Since he entered the NBA, 76ers big man Joel Embiid has been a hot subject. He missed his first two seasons with a broken navicular bone and over that time watched his team tank, spawning the unrelenting doubts on the efficacy of The Process and Embiid’s availability long-term.

Then in 2016-17, Embiid, finally on the floor, jettisoned the Sixers toward competency, had a city fall in love with him and, more importantly, had fun doing it as he became one of the best follows on social media. He was the generational talent The Process was all about. The player whom the Sixers’ NBA Finals contention runs through and the player Sam Hinkie died for … only he missed 51 games, leaving him in familiar territory for 2017-18.

Embiid is a superstar-elect. He’s a defensive stalwart whose ability to communicate and feel for the game crushed opposing offenses and left ridiculous metrics in its wake. He has the ability to do everything on offense. He’s a great athlete who can also shoot 3-pointers, drive to the basket, run pick-and-roll/pop and rebound. Good luck moving him at 7-foot-2 and 275 pounds.

There are holes in his game. For example, he hasn’t seen a shot he didn’t like. He had the third highest usage percentage in the NBA and the fourth-worst assist-to-turnover ratio among centers who averaged at least 25 minutes per game, near the bottom with players like Steven Adams, Andre Drummond and Jonas Valanciunas, older players Embiid is better than.

Like all young players, Embiid is expected to have issues on the floor, but they’re nonexistent in relation to the uncertainty surrounding players in his age group. At 23-years-old, Embiid is already more polished than some players in their prime. And his game improved each month, peaking with a plus-16 net rating in January. His assists rose. His turnovers are still a problem, but with better playmakers and less of a burden on offense, they should flatten or decrease.

But that’s the thing; Embiid’s hasn’t stayed on the floor. Embiid didn’t play after January. He didn’t play even half the season. He didn’t play in at least one game of a back-to-back. He didn’t last until the All-Star Game. He didn’t play much more than 25 minutes per game.

Every conversation about the potential height of Embiid’s impact plummets into concerns about his health. He’s missed 215 games since joining NBA, which puts him on a worse course than 2007 No. 1 overall pick Greg Oden, who missed over 160 games his first three seasons and became the new face of injury-prone big men.

Embiid’s injury history stretches to his days at Kansas, when he missed the NCAA Tournament with a stress fracture in his back. Then he broke his foot. Then he tore his meniscus in January and missed February on. As of now, Embiid hasn’t been cleared to play five-on-five or one-on-one, and the continued vague updates from the Sixers’ front office haven’t shined any light on Embiid’s recovery.

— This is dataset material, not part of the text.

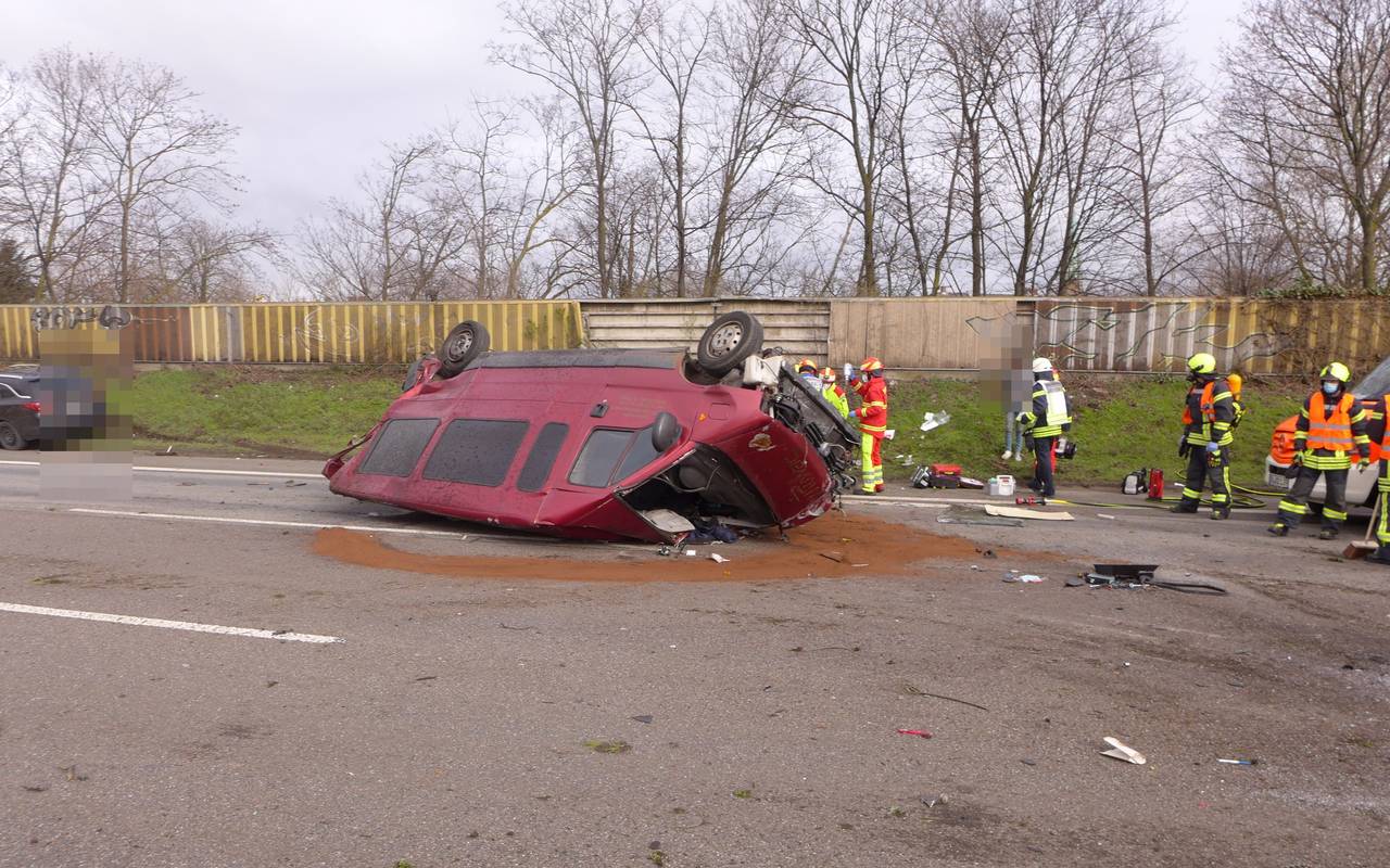 Nach den bisherigen Ermittlungen war zur Unfallzeit eine 42-Jährige aus Viersen mit ihrem Opel auf der A 42 aus Richtung Dortmund kommend unterwegs. Bei Oberhausen wurde sie von dem Fiat Ducato eines 21-Jährigen aus Duisburg beim Fahrstreifenwechsel aus bislang ungeklärter Ursache touchiert. Der Transporter geriet außer Kontrolle und überschlug sich. Die beteiligten Personen wurden zum

There are two ways to look at Embiid’s injury history, depending on your level of optimism. The first is his lower body is a legitimate issue and the weakness of the joints continues to be the curse of human physiology. Worse, stress fractures aren’t freak accidents, but steady chisels against certain parts of the body. They’re always a threat. The second, and the one I’ve subscribed to, is Embiid’s problems have all been separate issues. The problem for big men has always been recurring injuries. Oden had bad knees. Bill Walton and Yao Ming had bad feet. Sam Bowie had bad tibias. We saw Embiid’s foot and back both held up last season. Does an injury carry the same concern if it isn’t directly related to a prior injury? It’s certainly possible that stress fractures could be Embiid’s “bad knees.”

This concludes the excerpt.